Start of SOURCE DATA

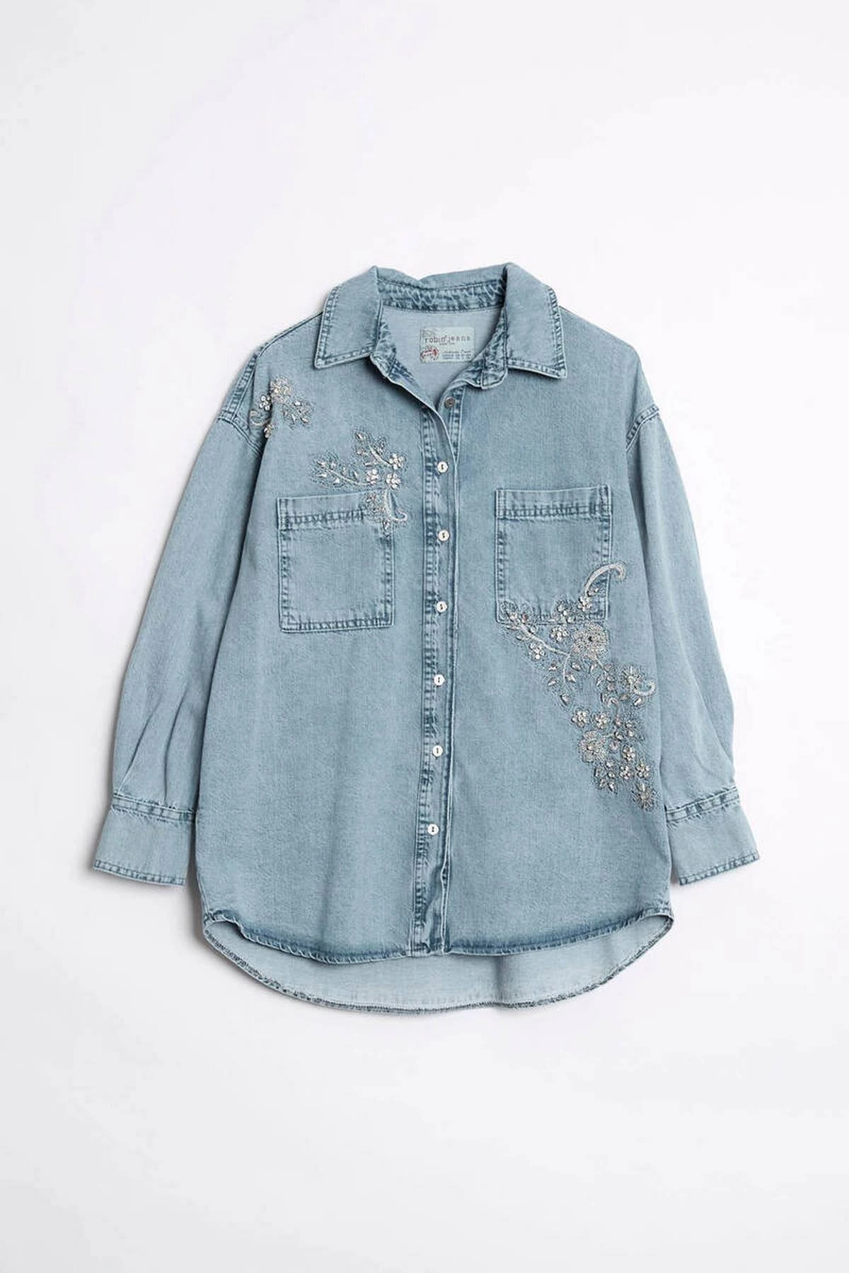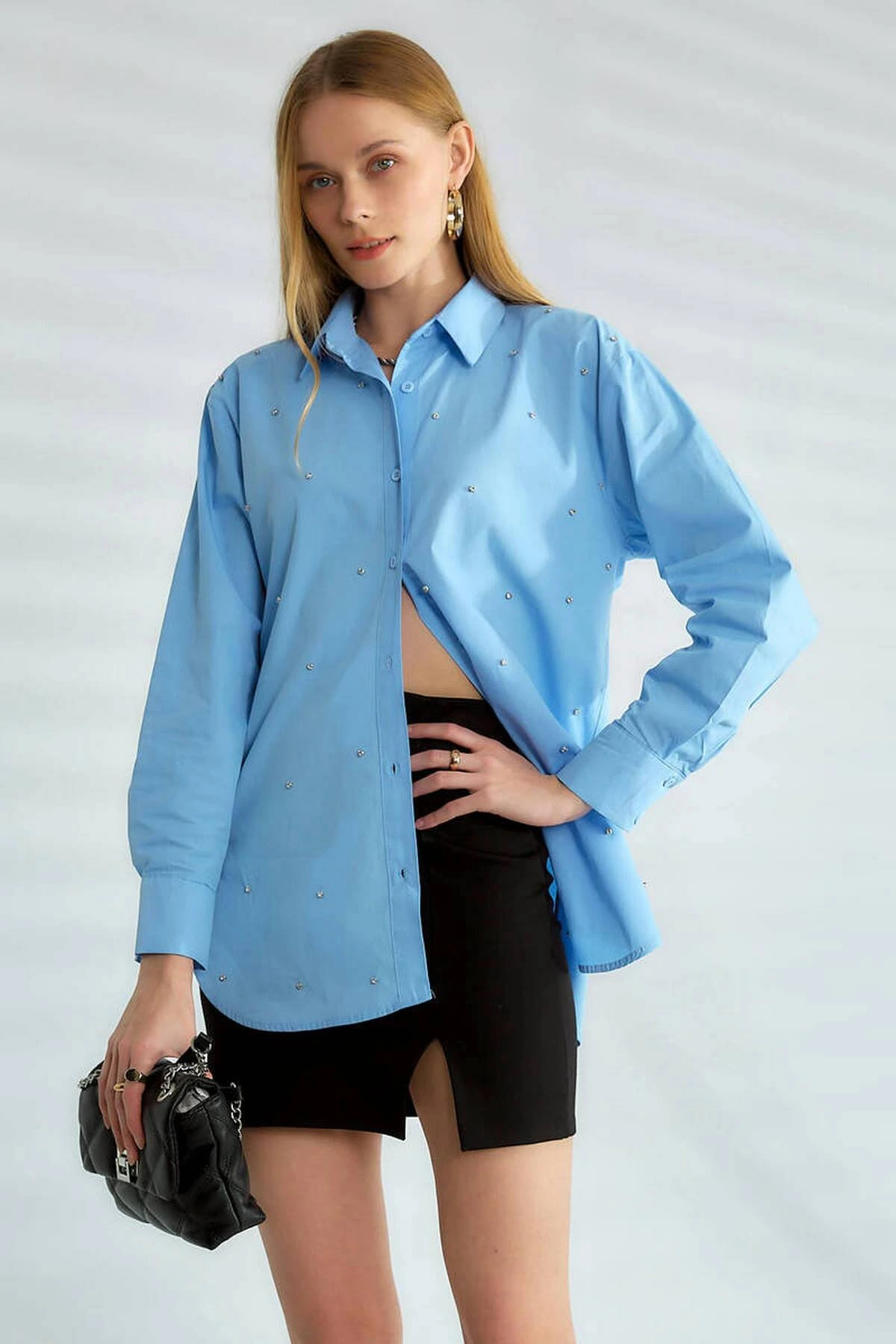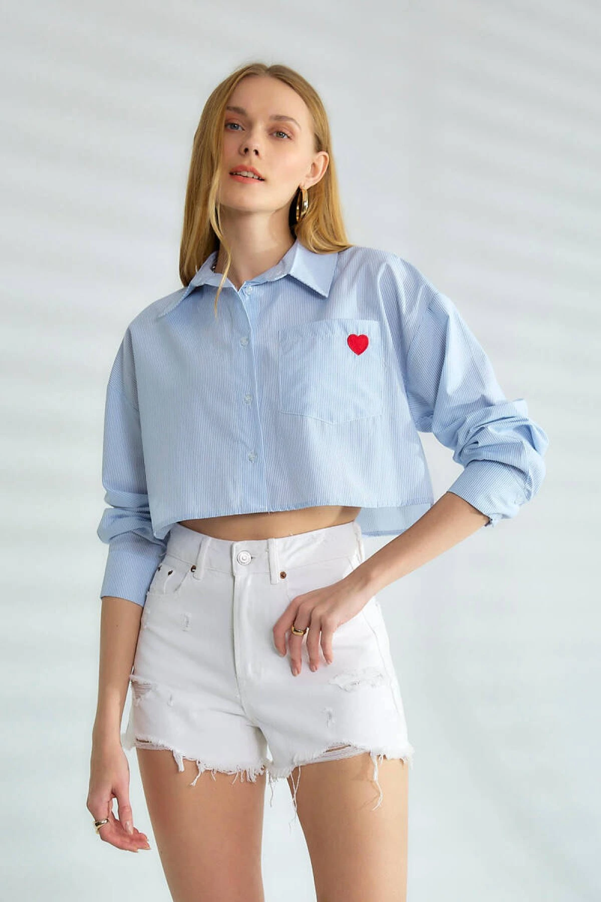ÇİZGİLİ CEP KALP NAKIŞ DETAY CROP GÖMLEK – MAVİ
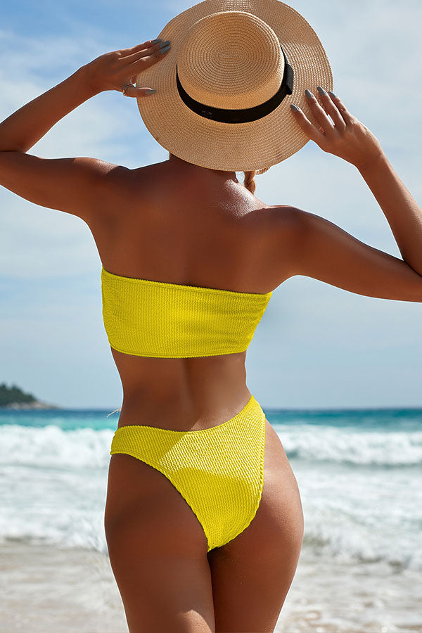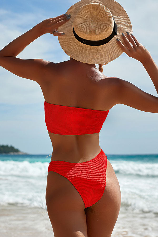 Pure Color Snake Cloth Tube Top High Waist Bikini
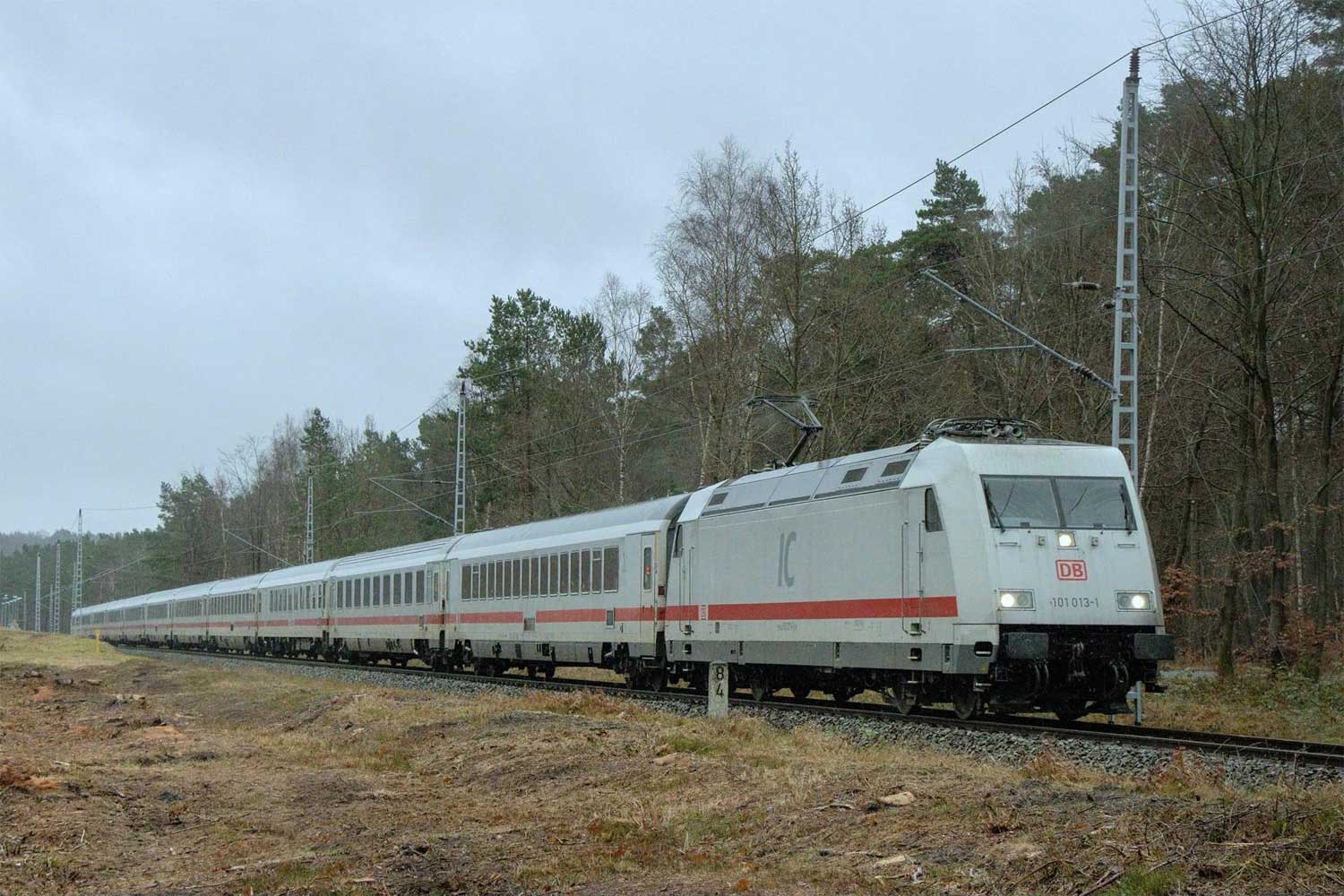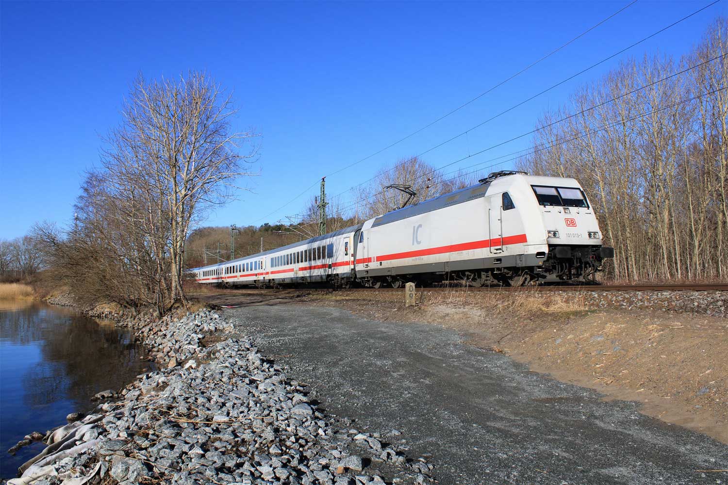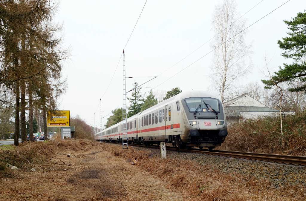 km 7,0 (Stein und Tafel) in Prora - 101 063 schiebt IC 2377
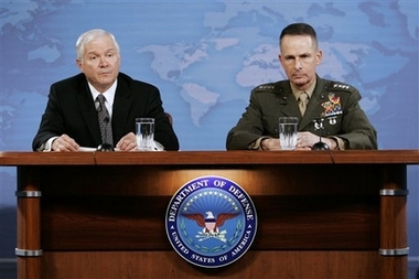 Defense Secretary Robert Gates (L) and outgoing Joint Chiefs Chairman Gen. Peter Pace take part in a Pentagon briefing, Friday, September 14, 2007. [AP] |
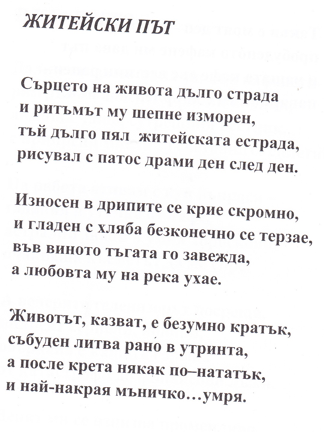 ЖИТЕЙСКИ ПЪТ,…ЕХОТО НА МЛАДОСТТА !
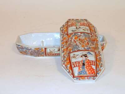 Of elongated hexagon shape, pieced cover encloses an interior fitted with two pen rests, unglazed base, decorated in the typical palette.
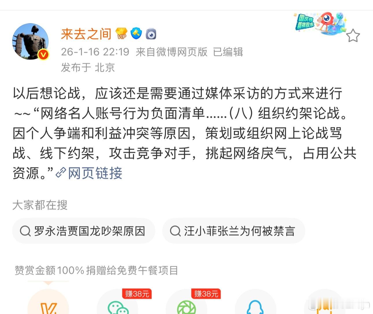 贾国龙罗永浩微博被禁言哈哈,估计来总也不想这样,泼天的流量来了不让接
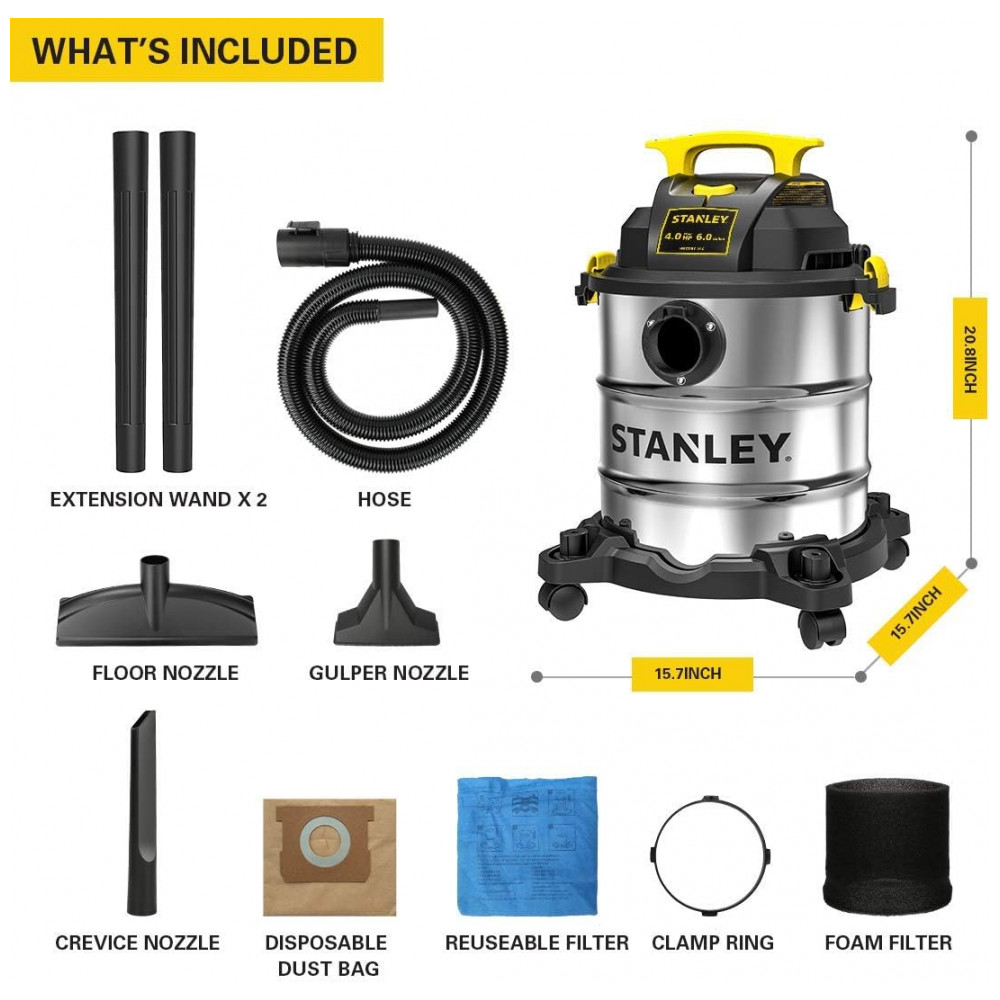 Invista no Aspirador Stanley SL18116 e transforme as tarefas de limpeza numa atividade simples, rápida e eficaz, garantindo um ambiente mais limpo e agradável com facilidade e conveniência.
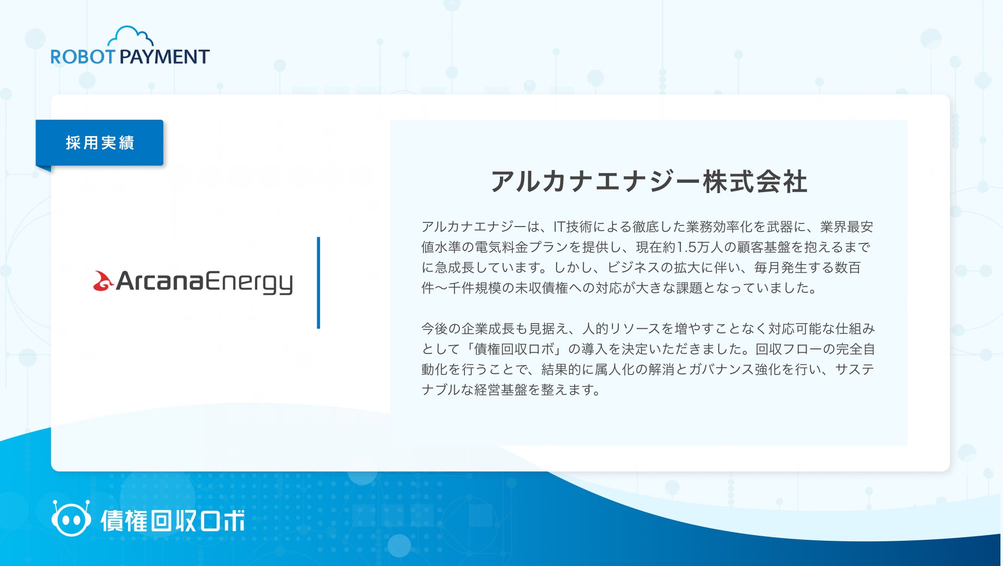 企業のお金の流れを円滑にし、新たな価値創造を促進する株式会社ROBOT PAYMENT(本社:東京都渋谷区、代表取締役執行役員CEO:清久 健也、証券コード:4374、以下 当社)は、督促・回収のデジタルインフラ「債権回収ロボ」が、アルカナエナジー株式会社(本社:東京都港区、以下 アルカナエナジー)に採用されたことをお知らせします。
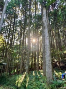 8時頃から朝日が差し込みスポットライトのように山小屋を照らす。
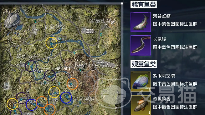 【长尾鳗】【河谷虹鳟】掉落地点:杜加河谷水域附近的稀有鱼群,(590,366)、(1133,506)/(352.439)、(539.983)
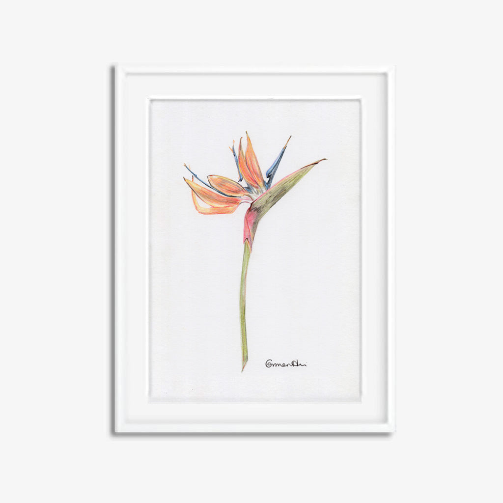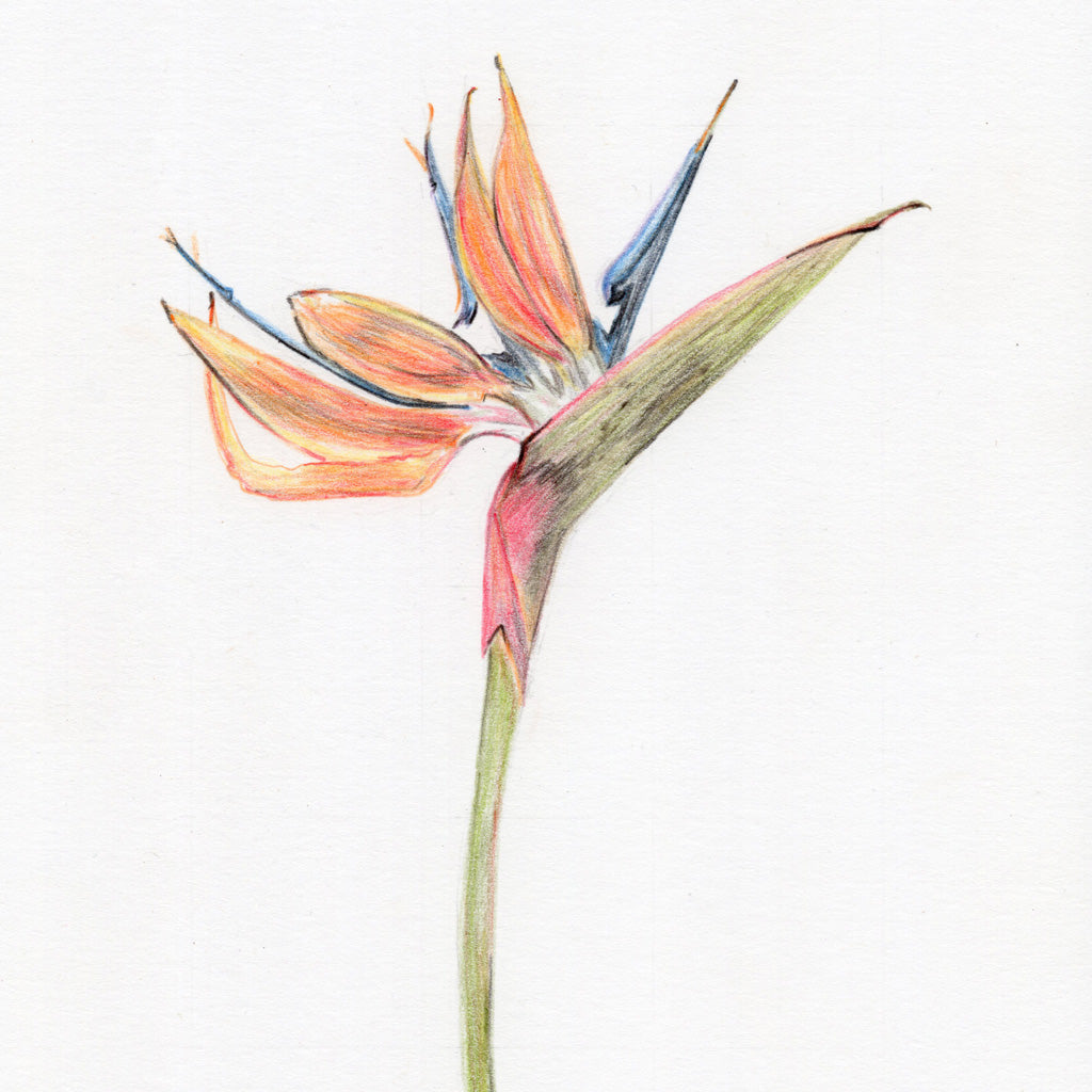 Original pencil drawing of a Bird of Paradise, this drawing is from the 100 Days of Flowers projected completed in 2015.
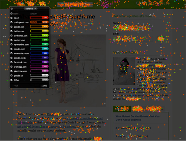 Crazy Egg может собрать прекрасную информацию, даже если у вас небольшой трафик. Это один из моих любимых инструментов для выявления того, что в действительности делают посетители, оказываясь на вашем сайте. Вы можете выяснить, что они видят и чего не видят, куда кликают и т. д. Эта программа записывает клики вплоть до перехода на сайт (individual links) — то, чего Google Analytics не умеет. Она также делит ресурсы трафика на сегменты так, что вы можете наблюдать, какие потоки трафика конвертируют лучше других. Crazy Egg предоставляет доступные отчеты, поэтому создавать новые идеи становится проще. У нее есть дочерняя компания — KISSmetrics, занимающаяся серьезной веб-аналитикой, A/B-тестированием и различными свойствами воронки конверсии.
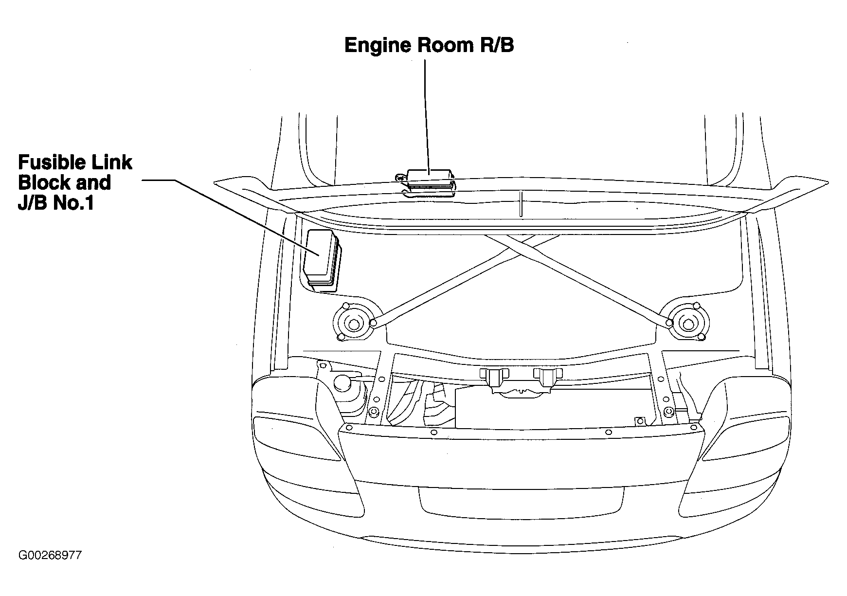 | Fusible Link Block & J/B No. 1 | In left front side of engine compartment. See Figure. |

End of SOURCE DATA

> [REQUIRED ACTION]:
Transcribe, exactly and without pictures, everything in the data from the line with "Of elongated hexagon" down to the line with "Invista no Aspirador", both included.

> [RESULT OF THE TASK]:
 Of elongated hexagon shape, pieced cover encloses an interior fitted with two pen rests, unglazed base, decorated in the typical palette.
 贾国龙罗永浩微博被禁言哈哈,估计来总也不想这样,泼天的流量来了不让接
 Invista no Aspirador Stanley SL18116 e transforme as tarefas de limpeza numa atividade simples, rápida e eficaz, garantindo um ambiente mais limpo e agradável com facilidade e conveniência.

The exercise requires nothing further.